1.4 Apache Atlas relies on HDP components

  1. HBase: Titan uses HBase to store metadata by default
  2. Ambari infra/Solr: Titan uses Solr to store metadata indexes by default
  3. Kafka: Apache Atlas uses Kafka as a message queue to implement the communication between hooks and consumers of metadata notification events

 

1.5 Type system

The overall process of metadata processing is shown in the figure below:

     When querying a certain metadata object in Atlas, it is often necessary to traverse multiple vertices and edges in the graph database. Compared with a relational database, directly querying a row of data is much more complicated. Of course, using a graph database as the underlying storage also has its advantages. For example, it can support complex data types and better support the reading and writing of blood data.

1.6 Type system

Atlas allows users to define a model for the metadata objects they want to manage. The model consists of definitions called "types." Instances of "types" called "entities" represent the actual metadata objects being managed. All metadata objects managed by Atlas (such as Hive tables) are modeled using types and represented as entities.

- Type : Atlas "Type" defines how to store and access specific types of metadata objects . The type represents one or more attribute collections of the defined metadata object. Users with a development background can understand "type" as defined by the "class" of an object-oriented programming language or the "table mode" of a relational database. Type has a meta type, which represents the type of this model in Atlas:

           -Basic element types: Int, String, Boolean, etc.

           -Collection meta type: such as Array, Map

          - Class,Struct,Trait

 -  Entities : the Atlas of  "entity" class "type", or examples of particular values , and therefore represents a real-world objects specific metadata. Looking back at our object-oriented programming language analogy, an "instance" is an "object" of a "class".

- the Attributes : more concepts related to the type of system in Atlas attribute some property, which defines, including:

     -isComposite-whether to composite

     -isIndexable-whether to index

     -isUnique-is it unique

     -multiplicity-indicates whether this attribute is (required/optional/ or can be multi-valued)

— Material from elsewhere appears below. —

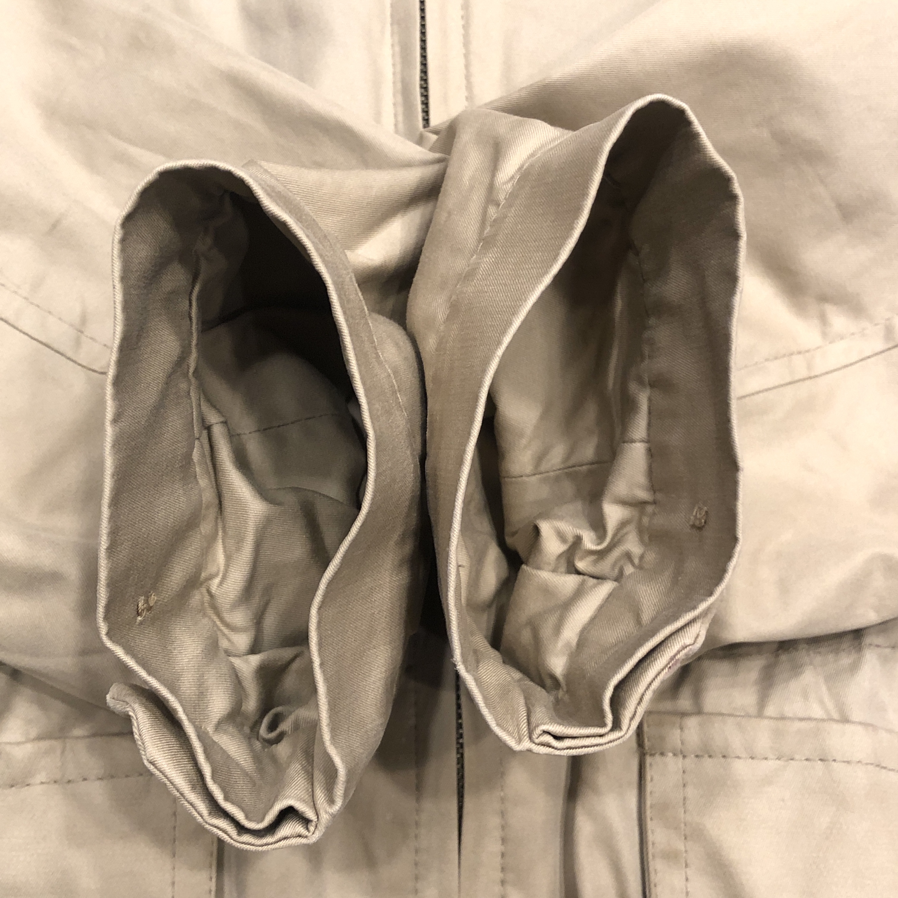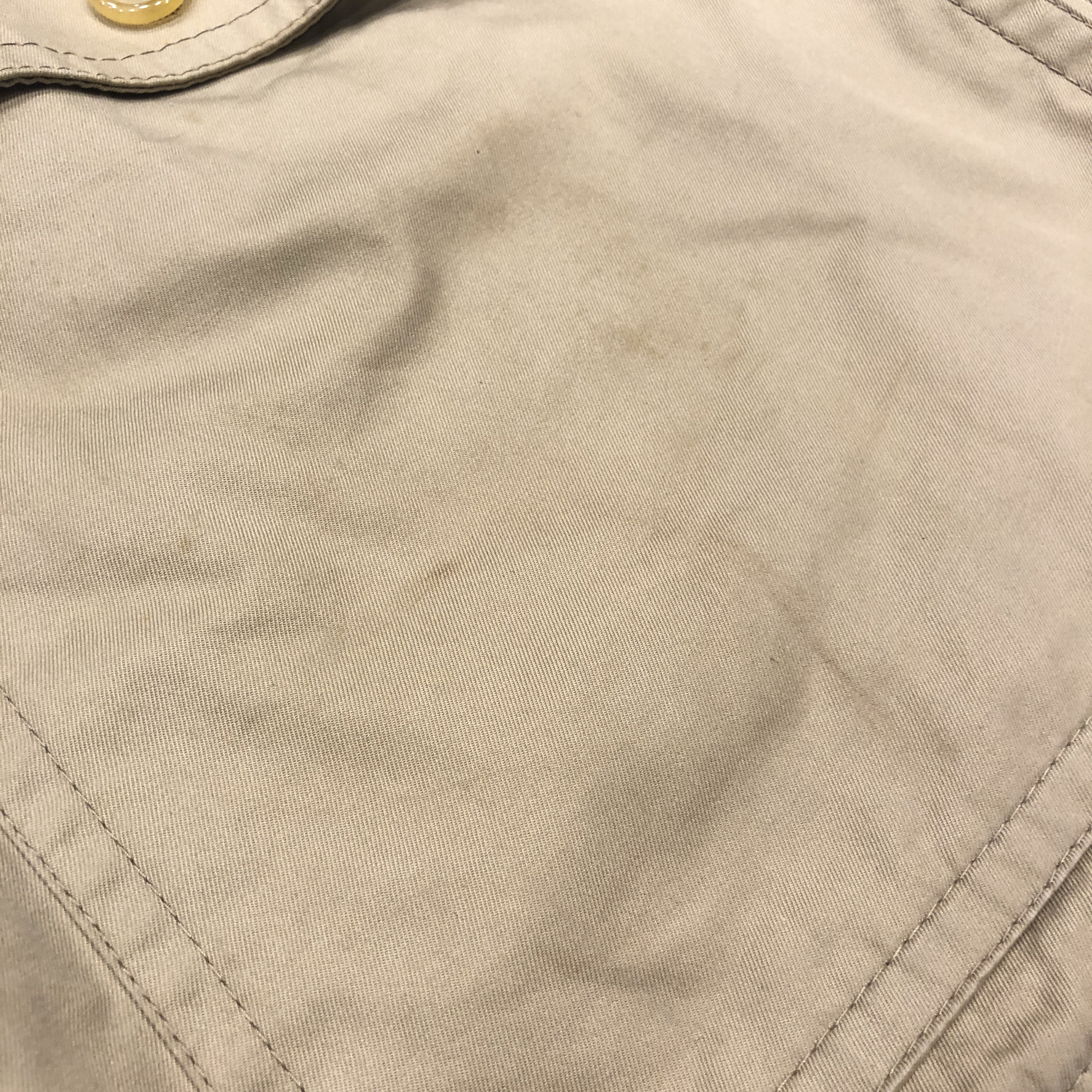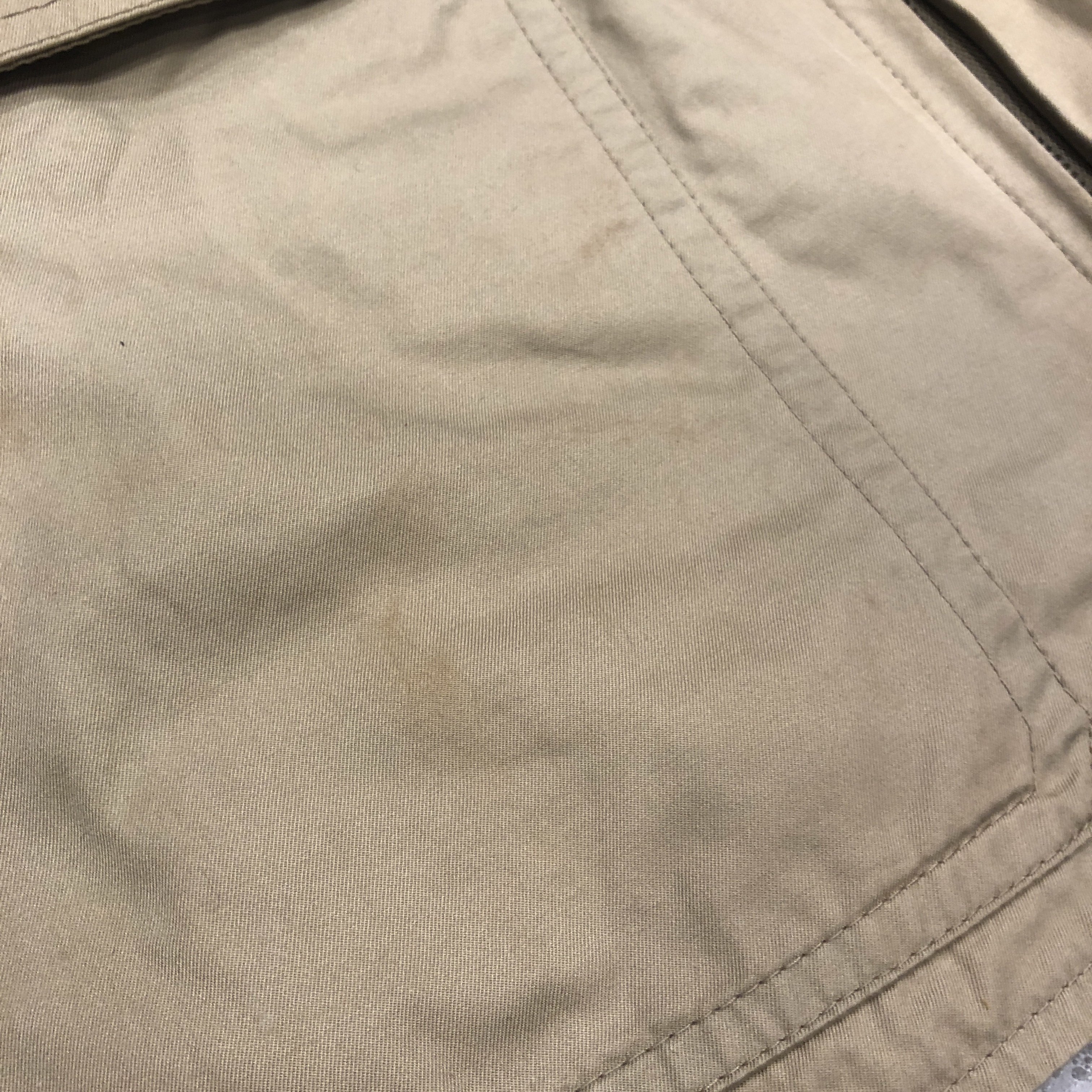 - 多少の着用感、腹部、両ポケットにそれぞれ画像の様な汚れがございますが、その他目立つような傷や汚れは見受けられません。古着慣れされている方でしたら問題なくお使いいただける範囲です。

Atlas provides some predefined system types:

- Referenceable : This type represents all entities may use a unique property called the search qualifiedName

-Asset: This type contains attributes such as name, description and owner

- Infrastructure : This type Referenceable and Asset extends, generally in infrastructure metadata object (such as a cluster, host, etc.) common supertype

- the DataSet : This type extends the Referenceable and Asset. Conceptually, it can be used to represent the type of stored data. In Atlas, hive tables, Sqoop RDBMS tables, etc. are all types extended from DataSet. The types of the extended DataSet can expect to have schemas, and they will have properties that define the properties of the data set. For example, the columns attribute in hive_table. In addition, entities that extend the entity type of the DataSet participate in data conversion, and this conversion can be used by Atlas to generate graphics through lineage (or provenance).

- Process : This type extends the Referenceable and Asset. Conceptually, it can be used to represent any data transformation operation. For example, the ETL process of converting a hive table of original data into another hive table that stores a certain aggregate can be a specific type of extended process type. The process type has two specific attributes, input and output.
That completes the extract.